Gelombang penghilangan Kashmir, kematian misterius menakuti komunitas suku

Kulgam, Kashmir yang dikelola India- Ketika tubuh Showkat Ahmad ditemukan, itu memiliki luka dan mata berlumuran darah. Rambutnya rontok, dan kulit di tangan dan kakinya yang berusia 18 tahun terkelupas, mengingat ayahnya, Mohamad Sadiq.
Itu 16 Maret, tiga hari setelah Sadiq mengetahui bahwa putranya yang lebih tua, Riyaz, 25, juga meninggal, sebulan setelah kedua pemuda itu menghilang.
Menurut putusan resmi pejabat penegak hukum, Showkat dan Riyaz tenggelam di sebuah kanal di wilayah Kulgam Kashmir yang dikelola India, sekitar 10 km (6 mil) dari rumah mereka. Laporan postmortem mereka menunjukkan potensi bunuh diri.

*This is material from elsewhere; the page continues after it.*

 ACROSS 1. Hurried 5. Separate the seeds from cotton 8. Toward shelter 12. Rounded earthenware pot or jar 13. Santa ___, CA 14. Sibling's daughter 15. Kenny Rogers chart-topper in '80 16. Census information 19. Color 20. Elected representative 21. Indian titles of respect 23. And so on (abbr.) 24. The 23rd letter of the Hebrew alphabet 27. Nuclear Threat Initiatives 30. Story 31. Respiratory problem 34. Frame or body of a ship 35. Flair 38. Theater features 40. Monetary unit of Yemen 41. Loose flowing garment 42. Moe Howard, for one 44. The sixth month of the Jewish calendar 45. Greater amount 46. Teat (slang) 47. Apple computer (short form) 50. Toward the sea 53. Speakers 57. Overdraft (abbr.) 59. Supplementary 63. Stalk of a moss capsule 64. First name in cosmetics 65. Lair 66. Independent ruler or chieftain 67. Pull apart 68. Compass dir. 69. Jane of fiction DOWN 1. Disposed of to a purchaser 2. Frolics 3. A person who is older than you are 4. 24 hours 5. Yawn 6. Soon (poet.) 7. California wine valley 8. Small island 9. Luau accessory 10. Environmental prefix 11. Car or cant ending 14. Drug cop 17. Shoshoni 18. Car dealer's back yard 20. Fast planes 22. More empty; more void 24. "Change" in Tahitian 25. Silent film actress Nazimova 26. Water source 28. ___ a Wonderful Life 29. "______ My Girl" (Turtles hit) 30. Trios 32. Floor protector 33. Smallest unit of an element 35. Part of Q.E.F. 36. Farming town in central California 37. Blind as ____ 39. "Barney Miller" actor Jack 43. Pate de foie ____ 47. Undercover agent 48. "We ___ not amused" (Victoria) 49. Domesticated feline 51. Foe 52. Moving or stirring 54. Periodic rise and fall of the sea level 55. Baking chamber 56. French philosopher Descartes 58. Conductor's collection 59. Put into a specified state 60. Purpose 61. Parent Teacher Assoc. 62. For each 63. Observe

Tetapi Sadiq – dan banyak orang di komunitas suku Gujjar yang dimiliki keluarga – menolak untuk mempercayai narasi itu. Sadiq mengakui bahwa dia tidak yakin siapa yang bertanggung jawab atas hilangnya dan kematian putra -putranya – apakah itu lembaga keamanan atau kelompok bersenjata. Namun, siapa pun itu, Sadiq mengatakan dia yakin ada permainan busuk yang terlibat.
“Ini bukan kecelakaan,” kata ayah berusia 72 tahun itu, suaranya berduka karena kesedihan ketika dia berbicara dengan Al Jazeera di luar rumahnya, di tanah penggembalaan yang terbuka, di mana kerabat dan anggota keluarganya berkumpul untuk menawarkan dukungan kepadanya. “Mereka disiksa dan dibunuh.”
Bahkan ketika pemerintah membantah tuduhan itu, ketidakpercayaan atas narasinya menangkap ketidakpercayaan yang mendalam dari para pejabat penegak hukum di suatu wilayah yang terguncang oleh serentetan penghilangan baru -baru ini – dengan mayat yang muncul berminggu -minggu kemudian. Mukhtar Ahmad Awan, seorang pria berusia 24 tahun yang juga menghilang bersama dengan Riyaz dan Showkat, masih belum ditemukan.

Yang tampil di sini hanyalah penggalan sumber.